Descriptions of the output (cited from http://gusevlab.org/projects/fusion/ )

Colume number	Column header	Value	Usage
1	FILE	…	Full path to the reference weight file used
2	ID	FAM109B	Feature/gene identifier, taken from --weights file
3	CHR	22	Chromosome
4	P0	42470255	Gene start (from --weights)
5	P1	42475445	Gene end (from --weights)
6	HSQ	0.0447	Heritability of the gene
7	BEST.GWAS.ID	rs1023500	rsID of the most significant GWAS SNP in locus
8	BEST.GWAS.Z	-5.94	Z-score of the most significant GWAS SNP in locus
9	EQTL.ID	rs5758566	rsID of the best eQTL in the locus
10	EQTL.R2	0.058680	cross-validation R2 of the best eQTL in the locus
11	EQTL.Z	-5.16	Z-score of the best eQTL in the locus
12	EQTL.GWAS.Z	-5.0835	GWAS Z-score for this eQTL
13	NSNP	327	Number of SNPs in the locus
14	MODEL	lasso	Best performing model
15	MODELCV.R2	0.058870	cross-validation R2 of the best performing model
16	MODELCV.PV	3.94e-06	cross-validation P-value of the best performing model
17	TWAS.Z	5.1100	TWAS Z-score (our primary statistic of interest)
18	TWAS.P	3.22e-07	TWAS P-value

Limitations

Significant loci identified in TWAS also contain multiple tarit-associated genes.
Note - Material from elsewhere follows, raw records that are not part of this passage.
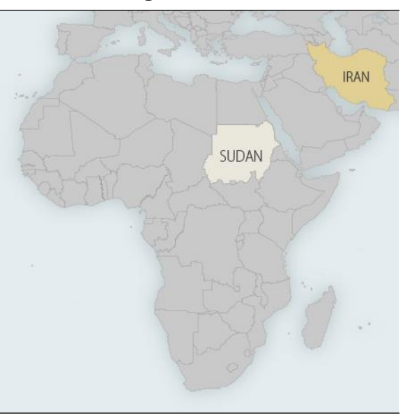
Figure 5. Sudan

The overwhelming majority of Muslims in Africa are Sunni, and Muslim-majority African countries have tended to be responsive to financial and diplomatic overtures from Iran's rival, Saudi Arabia.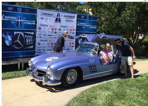
300SL Gullwing in Silver Violet at Legends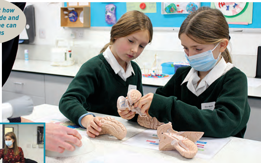
Girls from Mowden Hall learn how the brain works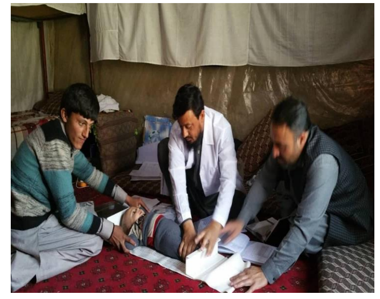
Figure 1 : Recording Z-Score for Malnutrition baby

ORCD deployed staff as per guidelines introduced by MoPH for three mobile nutrition teams (1 midwife, nutrition officer and support staff) and one emergency mobile health team (1 MD, Midwife, vaccinator and support staff) serving underserved areas in the districts (Paroon, Wama and Nurgram). The mobile nutrition teams worked in the areas beyond the reach of the existing health facilities as part of nutrition mobile activity. The mobile teams were greatly needed because the existing BPHS did not have any mobile health team while there was drought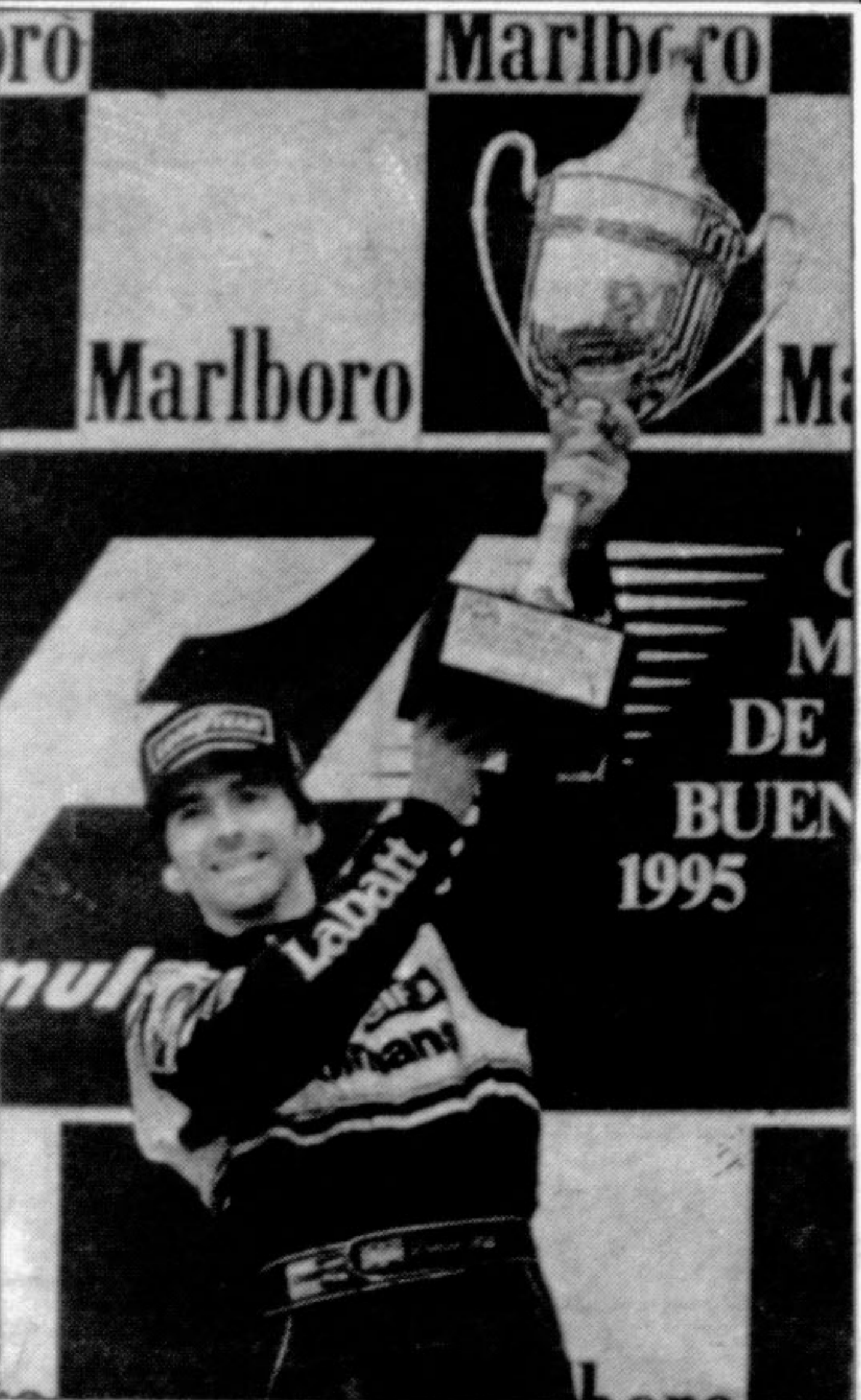
British Formula One driver Damon Hill holds the trophy on the winner's podium at the Oscar Galvez circuit in Buenos Aires after winning the Argentine Grand Prix on April 9.

"We see China as an emerging sports power," he said.

GWAS often identifies multiple variants in LD. Similarly, TWAS frequently identifies multiple genes in a locus.
Co-regulation may cause false positive results. Just like SNPs are correlated due to LD, gene expressions are often correlated due to co-regulation.
Sometimes even when co-regulation is not captured, the shared variants (or variants in strong LD) in different expression prediction models may cause false positive results.
Predicted expression account for only a limited portion of total gene expression. Total expression is affected not only by genetic components like cis-eQTL but also by other factors like environmental and technical components.
Other factors. For example, the window size for selecting variants may affect association results.

Criticism

TWAS aims to test the relationship of the phenotype with the genetic component of the gene expression. But under current framework, TWAS only test the relationship of the phenotype with the predicted gene expression without accounting for the uncertainty in that prediction. The key point here is that the current framework omits the fact that the gene expression data is also the result of a sampling process from the analysis.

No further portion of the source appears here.